Например, он нас с Василием посылал в театр, именно посылал и говорил: «Посмотрите такой-то спектакль». А после просмотра спрашивал: что там, о чём, кто автор? Как-то мы были в Сочи. Тогда ещё не было сочинского Большого театра, а театральные постановки осуществлялись в небольшом зрительном театральном зале в Ривьере, и гастролирующие театры выступали там же. Мы смотрели пьесу «Исторический замок», поставленную Театром Революции, ныне имени Маяковского. Я попытался рассказать, о чём спектакль. Сталин спрашивает: «Кто автор?» А я ответить не мог. Он, укоризненно покачав головой, сказал: «Эх ты, деревня!» И после секундной паузы добавил: «Неколлективизированная».
Он всегда думал о важном и первостепенном в происходящей жизни. Например, я рассказывал ему, как возник колхоз в деревне Усово, это становление происходило у меня на глазах. Сталин очень интересовался: «А кто председатель? А сколько дворов? О чём говорили? Есть ли трактор и другая техника?» Живо расспрашивал и заинтересованно выслушивал.
До этого мы с матерью жили на Кавказе. В 1928-1929 годах, до начала 1930 года, мать занималась вопросами коллективизации Вольного аула и селения Актопрак около города Нальчика. Сталин расспрашивал: «Если ты слышал, знаешь, кто руководит, сколько людей, о чём они говорят, как они идут в колхоз, какие разговоры вокруг этого, что об этом думают люди – расскажи».

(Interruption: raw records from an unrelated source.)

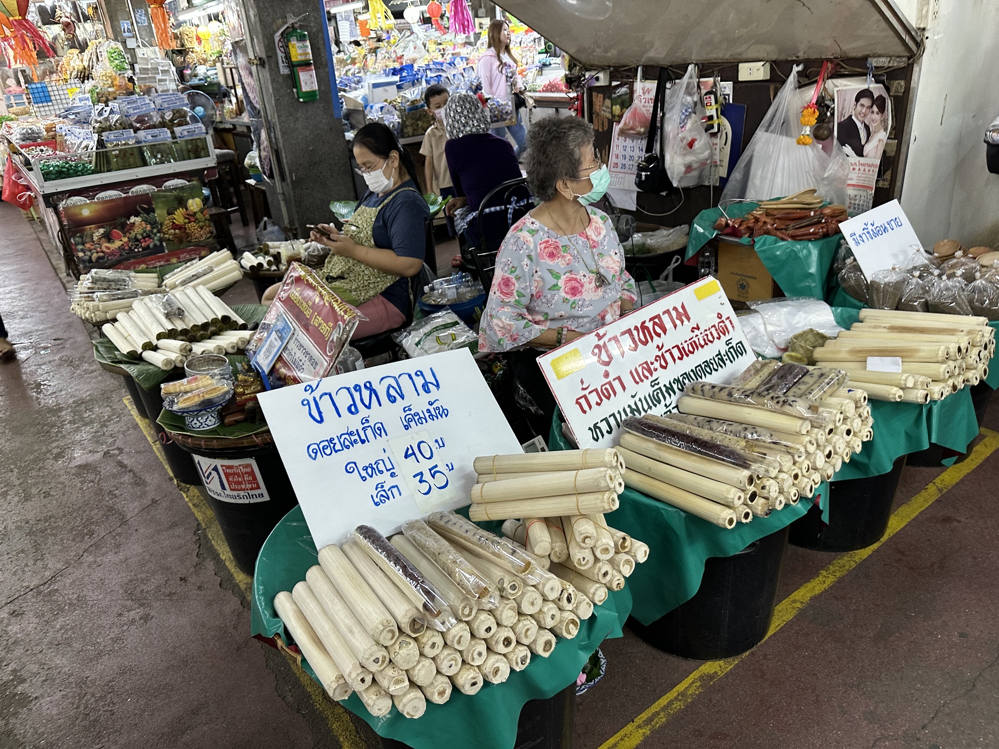 The khao lam ladies at Warrorot Market. Khao lam is sticky rice steamed inside of bamboo, a northern specialty. The outside of the bamboo is stripped away first to let in more steam. To eat you peel away the remaining whitish bamboo.
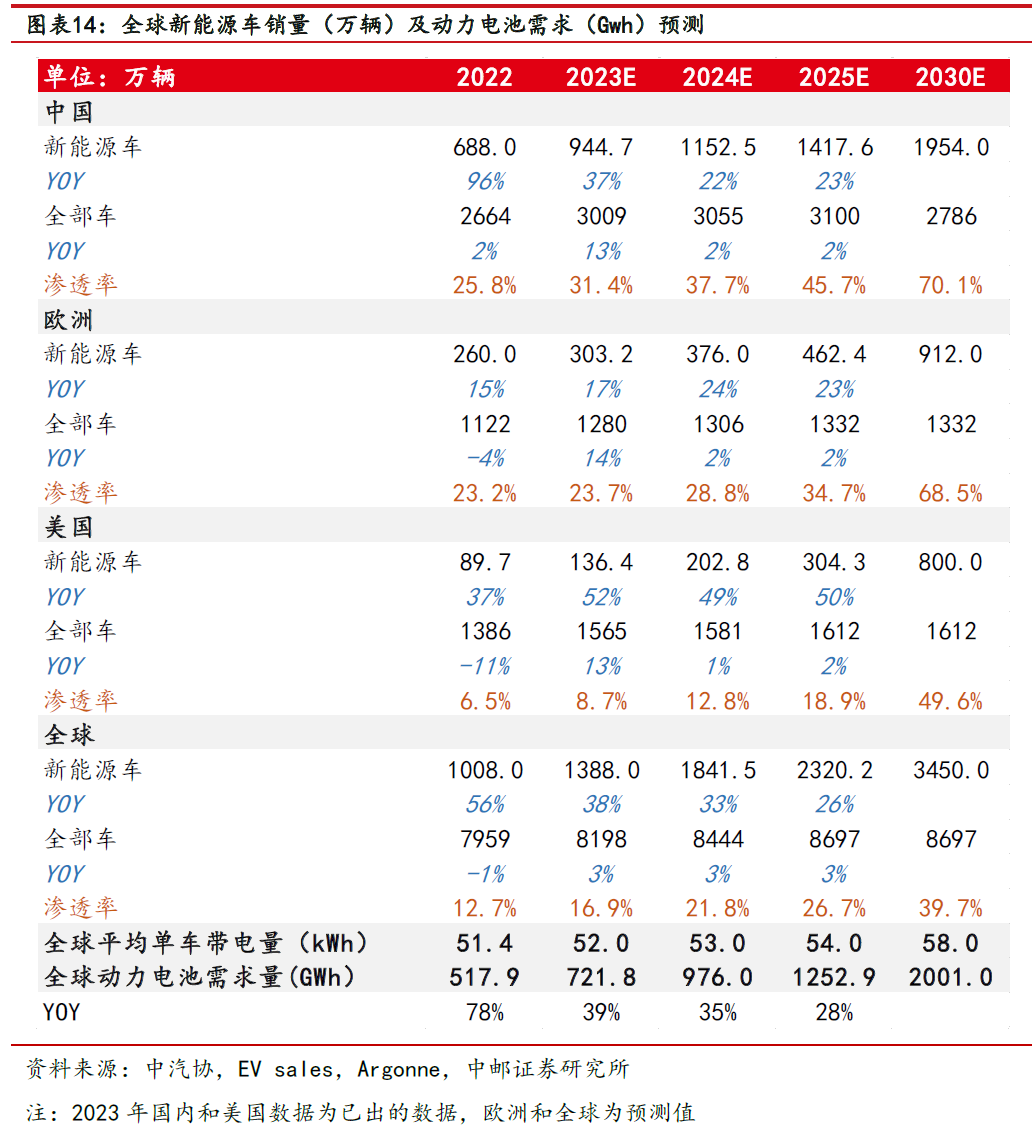 预计2025年全球动力电池需求超过1250Gwh。在全球多地政府政策的大力支持下,中国、欧洲、美国、东南亚等多地电动化发展趋势明朗。我们测算,到2025年,全球新能源车销量有望超2300万辆,动力电池需求有望超过1250Gwh。
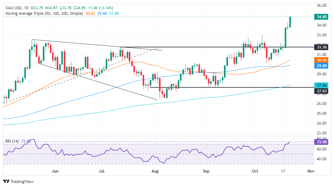 现货白银周二收盘暴涨3.24%,报34.847美元/盎司。
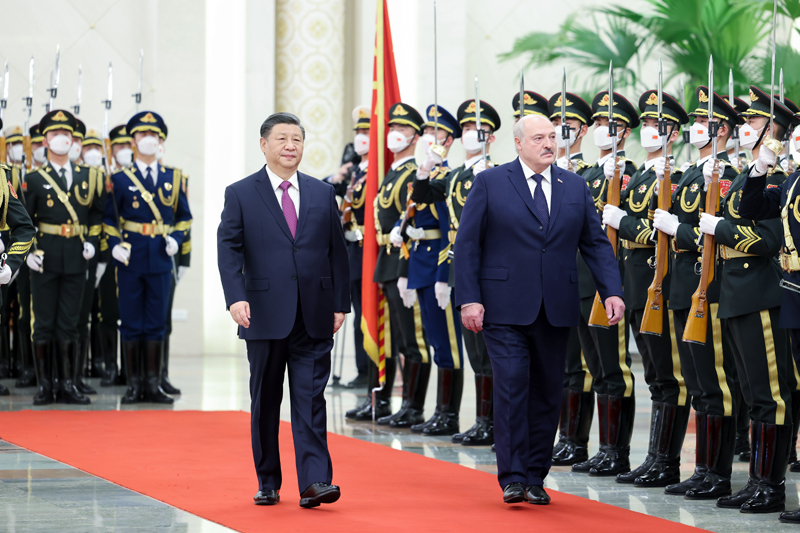 3月1日,国家主席习近平在北京人民大会堂同来华进行国事访问的白俄罗斯总统卢卡申科举行会谈。这是会谈前,习近平在人民大会堂北大厅为卢卡申科举行欢迎仪式。新华社记者 刘彬 摄

Пытаются талдычить, что он был оторван от жизни, от народа. Это неправда. Он всегда живо и больше всего интересовался делом, людьми в настоящем деле. Такие разговоры о конкретных людях и делах были у нас с ним не раз, допустим, о шахтёрах. Он нам рассказывал о Никите Изотове, о том, что это человек, много и хорошо работающий.
Корр.: А книги для чтения Сталин выбирал сам или ориентировался на вкусы друзей, соратников?

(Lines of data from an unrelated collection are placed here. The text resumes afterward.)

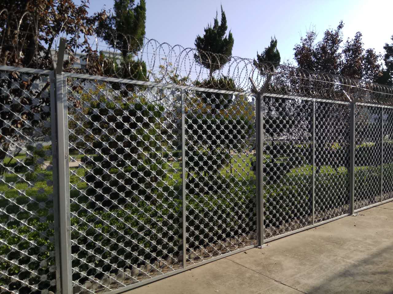 監(jiān)獄鋼網(wǎng)墻所采用的生產(chǎn)FHB/Q1268焊接標(biāo)準(zhǔn)生產(chǎn),以低碳鋼絲,鋁鎂合金編織焊接生產(chǎn), 用于公路,鐵路,飛機場,住宅小區(qū),港口碼頭,花園,飼養(yǎng),畜牧等的圍欄防護。整體浸塑處理,防盜螺栓連接。
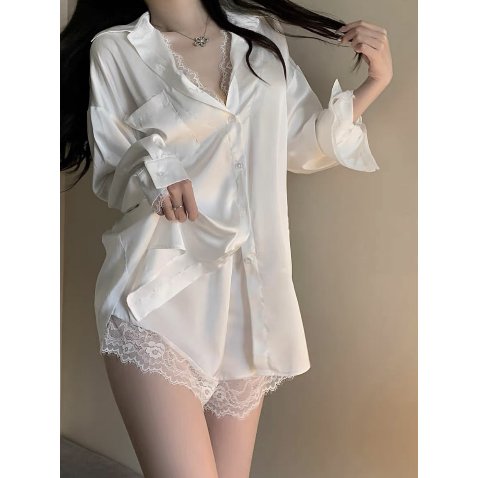酔っ払い彼氏風シャツ氷糸セクシー大サイズパジャマ純欲女レースサテン偽二枚パジャマホームウェア
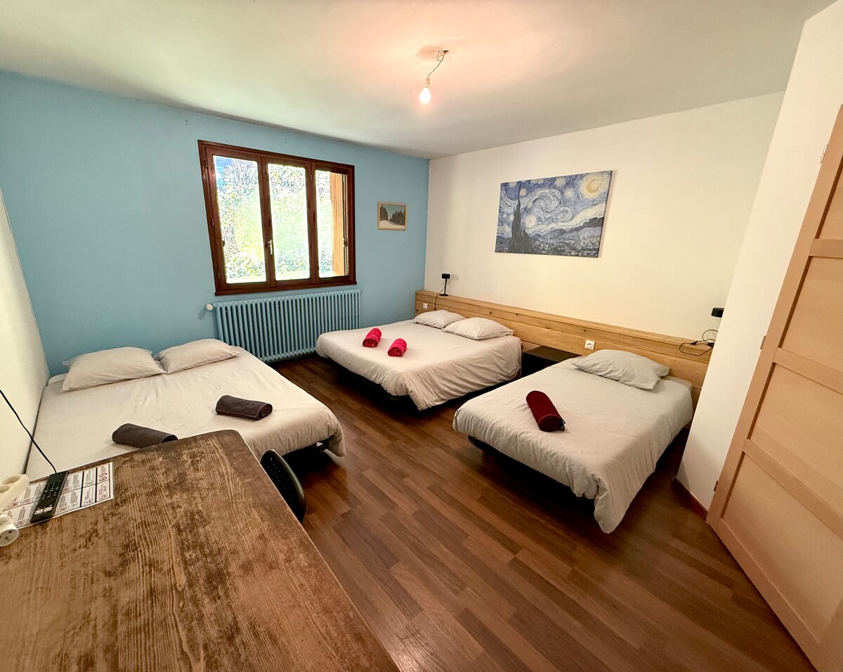 Comfort room offers a cozy atmosphere, contemporary decor, and quality bedding for one or two people. Efficient air conditioning and free, unlimited fiber optic wifi ensure a relaxing, well-connected stay, with bed type subject to availability.
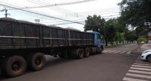Carreta passa pela av. José Custódio de Oliveira, no centro de Campo Mourão.
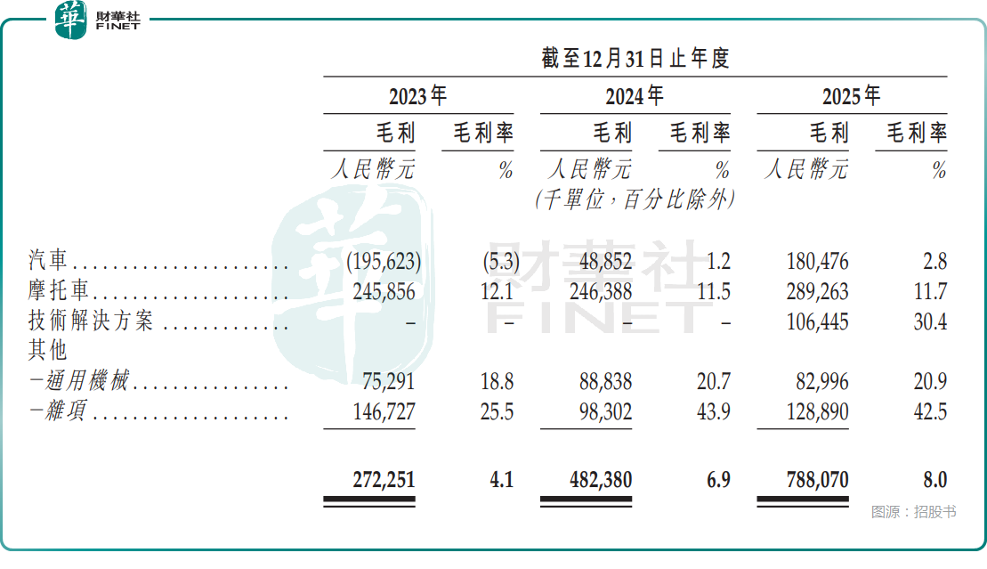 千里科技的摩托车业务(涵盖中大排量车型)反而承担了“现金牛”的角色。摩托车业务的收入从2023年的20.29亿元增至2025年24.78亿元,不过收入占比从30.3%降至2025年的25.1%,2025年的毛利率为11.7%。
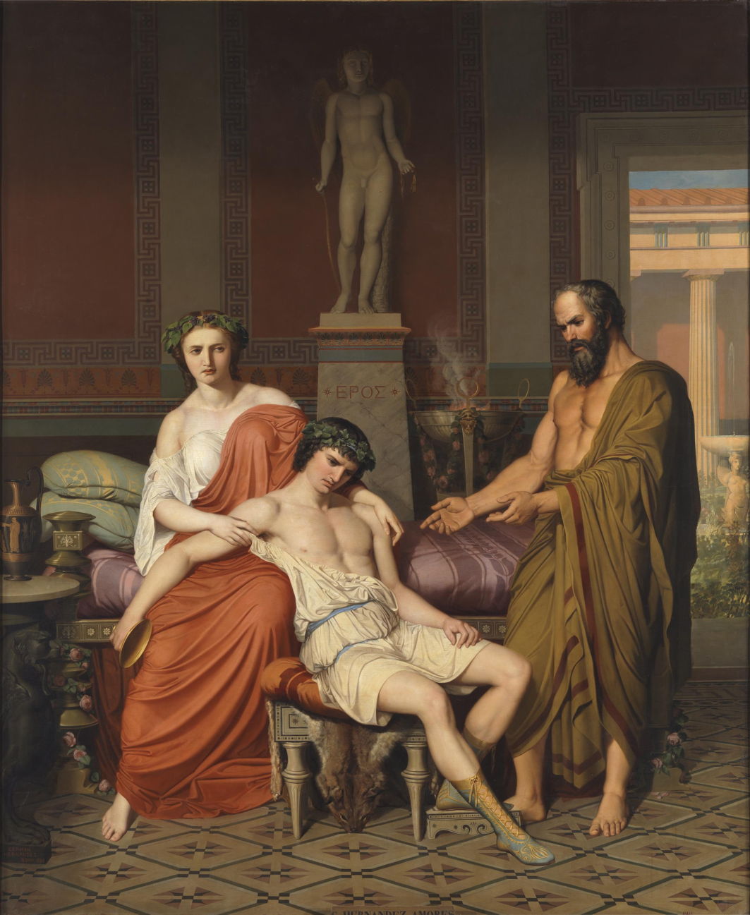 So does Germán Hernández Amores’ Socrates Chiding Alcibiades in the Home of a Courtesan from 1857.

А.С.: Сам. Книги выбирал сам. Он просматривал и прочитывал огромное количество литературы. Я сам не считал – сколько, но видел, что с утра до ночи он работает, видел, что он постоянно что-то пишет, читает. Ему подносят, уносят документы. Был комиссар артиллерийского управления Георгий Савченко, который знал ещё родителей Сталина, знал его самого хорошо и близко. У него написано, что Сталин в день просматривает около 500 страниц. Думаю, так оно и есть.
Корр.: Это художественная литература или научная?
А.С.: Разная. Он никогда не ограничивал себя каким-то кругом авторов, а брал всё и из всего делал выводы: кто есть кто, что есть что, из чего и как можно сделать что-то на пользу советскому государству.
Корр.: Бывали ли в доме гости – деятели искусства?
А.С.: При мне нет. А вообще бывали. Я помню только, как Чаурели приходил.
Корр.: Он был просто в гостях, или это был официальный визит к главе государства?
А.С.: Когда к Сталину в дом приходили люди по работе или просто в гости (но так или иначе это всегда было связано с работой), то приходили просто в хороший дом хорошего человека. У них при этом шёл серьёзный разговор, интересный всем. И, безусловно, это было полезное общение для всех присутствующих. Сейчас некоторые утверждают, хотят уверить, что если люди шли к Сталину, то чуть ли не на Голгофу. А если не на Голгофу к нему, то от него уходили на неё. Это ложь! Совершенно не так! Люди приходили, и шли интереснейшие, серьёзнейшие разговоры. Причём, никогда серьёзность, значимость этих разговоров не была окрашена в мрачный тон какого-то допроса, требования, не было жёстких рамок. Сталин всегда мог раскрыть человека, именно раскрыть, чтобы понять того. Например, так было, когда он говорил о белой армии. Он никогда к деятелям противной стороны, как мне казалось, не относился определённо и безусловно как к врагам. Да, были враги, были классовые враги, а были люди случайные, и Сталин зачастую говорил: «Как жалко, что люди, которые вышли из народа, оказались с другой стороны, предав народ и его интересы. А почему на той стороне? Многие по своим убеждениям, потому что они попали в чуждую среду, в чуждый им класс, получили там воспитание, материальное благополучие. Многие по традиции, потому что понимание чести и совести требовало. Они не осознавали, что заблуждались, они поверхностно на что-то смотрели, не понимая, что своему классу и народу они изменяли как раз таким образом. Были и злобные люди, защищавшие свой строй, порядок, традиции, имущественное положение. С другой стороны. и случайные, и он зачастую говорил: "А многие оказались на той стороне не в силу убеждений, но по причинам чисто территориальным: движение шло там, человек оказался там и в том стане». Он нам это в разговорах объяснял.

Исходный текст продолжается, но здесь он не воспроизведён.